We greatly appreciate the interest that Drs Lecler, Savatovsky, and Audren have shown in our recent article entitled “Trochlear Groove and Trochlear Cistern: Useful Anatomic Landmarks for Identifying the Tentorial Segment of Cranial Nerve IV on MRI,”1 and we are grateful for their thoughtful comments.
Multiple anatomic studies have independently documented the existence of the trochlear groove and trochlear cistern.2⇓⇓⇓–6 We observed these structures in our clinical practice on coronally acquired fluid-sensitive MR imaging performed routinely as a component of sinus MR imaging examinations at our institution. It has been our experience interpreting these clinical studies that the trochlear groove and trochlear cistern facilitate identification of the adjacent tentorial segment of cranial nerve IV.
This observation and subsequent clinical experience provided the motivation for our recently published study, which involved the retrospective review of 25 consecutive sinus MR imaging examinations containing the fluid-sensitive sequence of interest.1
Our primary interest was the anatomy. We did not mean to suggest that we had developed a novel MR sequence or that this routine clinical sequence represents the best possible one for identifying cranial nerve IV in its entirety. Rather, we hoped to share an imaging observation based on anatomic facts that we believed others may find useful in the assessment of cranial nerve IV pathology.

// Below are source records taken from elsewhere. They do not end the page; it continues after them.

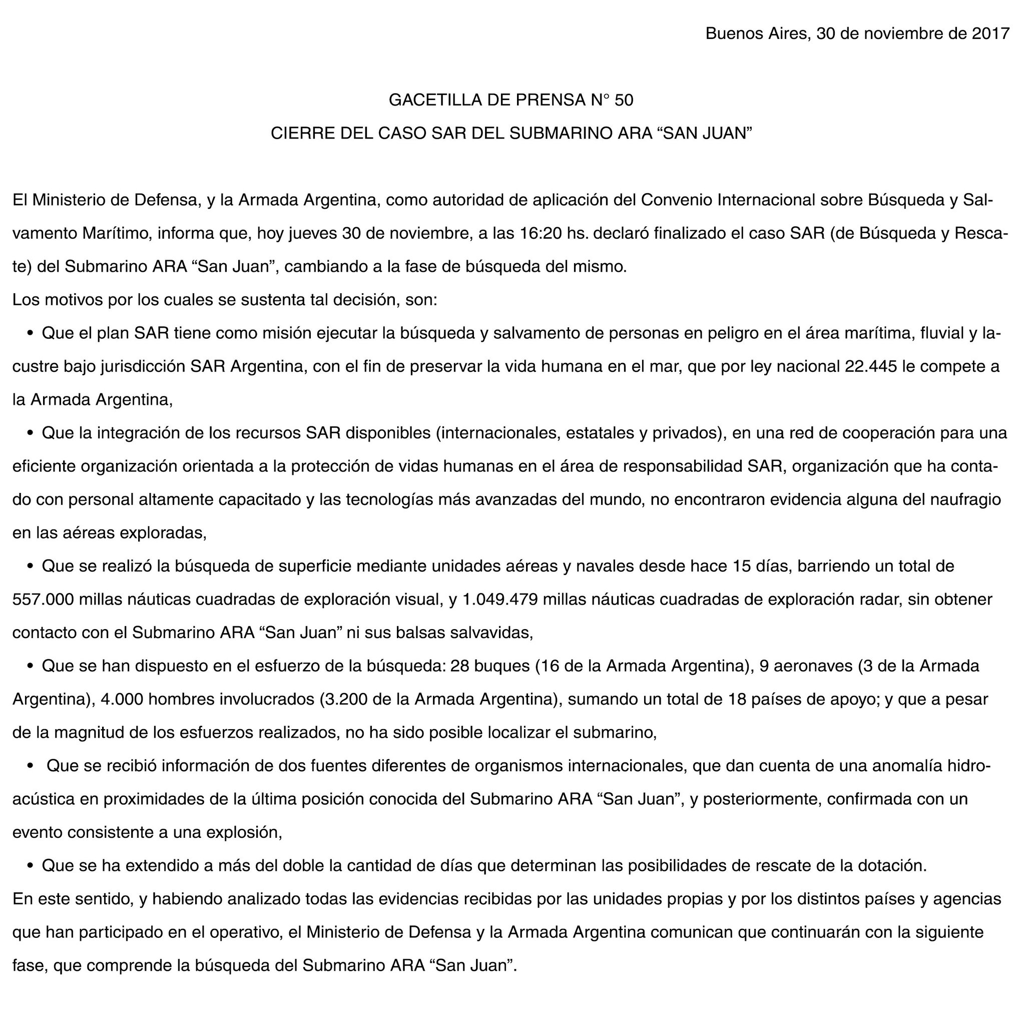 BUENOS AIRES. Lo informó el vocero de la Armada Enrique Balbi en la lectura del parte de este jueves. El operativo de cooperación internacional de búsqueda y rescate denominado SAR SUB para el submarino «ARA San Juan» se dio por finalizado. Seguirán los rastrillajes para dar con los restos del navío en una fase pasiva.
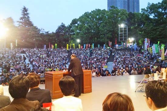 日比谷野外音楽堂。「共謀罪廃案・安倍政権の改憲暴走を止めよう!5・16大集会」は、会場いっぱいの参加者!
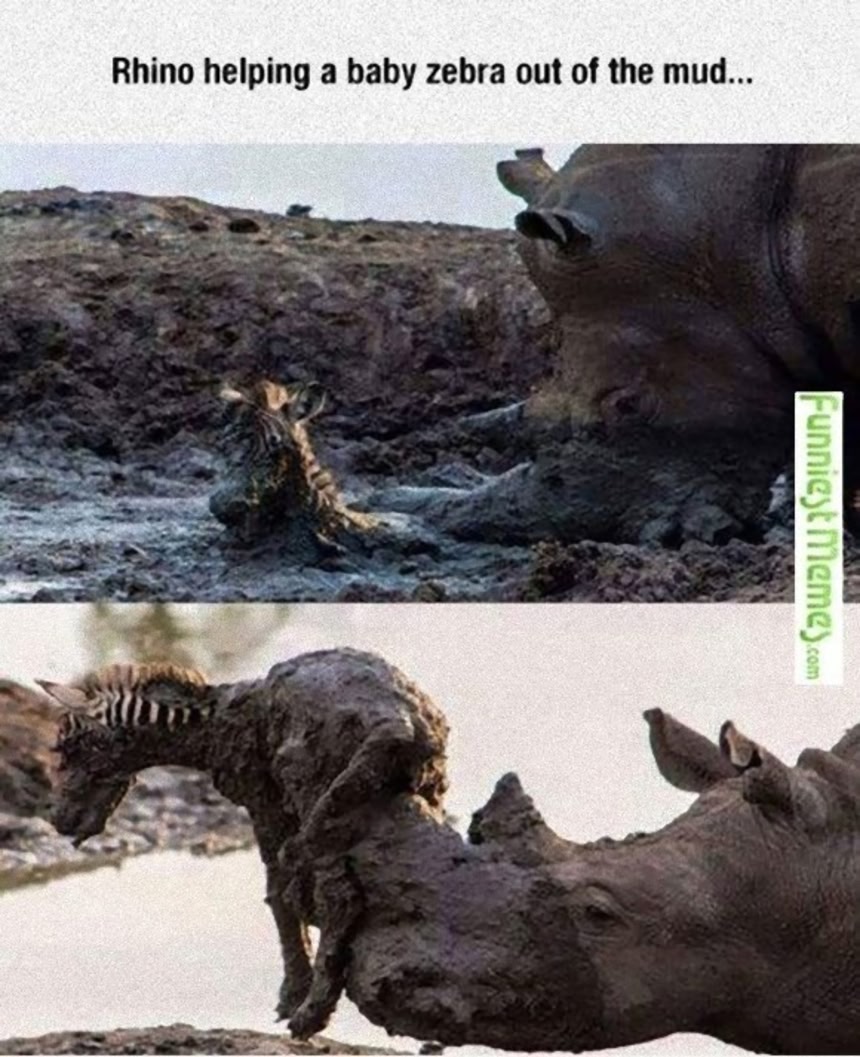 4.泥に落ちたシマウマの子どもを助けるサイ
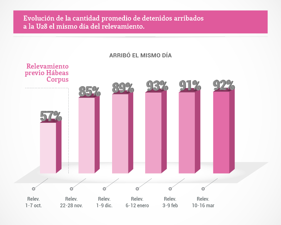 Por otro lado, la Procuvin informó que, con el habeas corpus, se ha logrado bajar al diez por ciento la cantidad de pernoctes en esa unidad carcelaria en abril de 2014. Como resultado, más del 90 por ciento de las personas detenidas que pasan por la Alcaidía de Tribunales -un lugar de tránsito y no de pernocte- no permanece por la noche en esa unidad penal del Servicio Penitenciario Federal (SPF).

We would like to clarify the voxel size reported in our initial article because we now realize it to be a source of confusion that could have been stated more clearly. We intended for the reported voxel size range to indicate that the in-plane resolution of the coronally acquired sequence ranged from 0.3 × 0.35 to 0.4 × 0.44 mm and that the out-of-plane section thickness (in the anteroposterior dimension rather than the superior-inferior or z-axis dimension) was 3.0 mm. Because the tentorial segment of cranial nerve IV travels nearly perpendicular to coronally acquired sections through the trochlear groove and trochlear cistern, these acquisition parameters are in fact sufficient to identify cranial nerve IV in many (but not all) cases, as was shown in our study. Moreover, the tentorial segment of cranial nerve IV was often seen on multiple contiguous sections in our study, and we considered seeing the nerve on a single image to be insufficient for nerve identification.

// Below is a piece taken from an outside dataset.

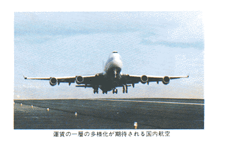 利用者のニーズが高度化・多様化し、個人型の割引運賃の充実を求める声が高まっていることなどに対応して、平成6年6月に航空法を改正し、同年12月より割引率5割までの営業政策的な割引運賃及び料金等について届出制とした。これにより、事業者は多様な割引運賃等の設定を自主的な判断により行うことが一層容易となり、7年5月には国内航空運賃において従来見られなかった利用主体に制限のない割引運賃である事前購入割引が導入された。
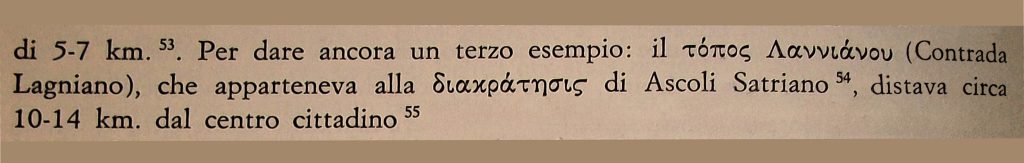 Il TOPONIMO cheindica l’antichissima contrada “LAGNANO” ha una radice greca del periodo BIZANTINO, infatti, nel II Capitolo “Città e costituzione cittadina – 1 La Struttura della città” della pubblicazione di Vera Von Falkenhausen (4) leggiamo: “[…] Per dare ancora un esempio: il TOPOS LANNIANU (Contrada Lagnano), che apparteneva alla DIACRATESIS di Ascoli Satriano (nota) 54, distava circa 10-14 Km. dal centro cittadino (nota) 55 […]”.

Additionally, we would like to reiterate that we did not identify the entire intracranial course of cranial nerve IV but only the tentorial segment—the portion of the nerve that passes beneath the tentorium before entering the cavernous sinus. It has been our experience that this particular segment of cranial nerve IV is especially difficult to identify on axial images, including high-resolution cisternographic sequences (CISS, FIESTA, and so forth), and we consider this difficulty likely to be related to volume averaging of the overlying tentorium. Thus, we remain convinced that it is advantageous to leverage in-plane resolution and scan this particular segment of cranial nerve IV in the coronal plane perpendicular to its course.
Identifying the intracranial segments of cranial nerve IV in routine clinical practice remains difficult, and we are appreciative of the coregistration-fusion technique suggested by our colleagues. Indeed, we welcome any solution to the difficult problem of identifying cranial nerve IV throughout its course using clinically practical MR imaging, and we agree that the more proximal cisternal segment of cranial nerve IV is very nicely demonstrated in our colleagues' figure.
We look forward to further discussion and exchange of ideas.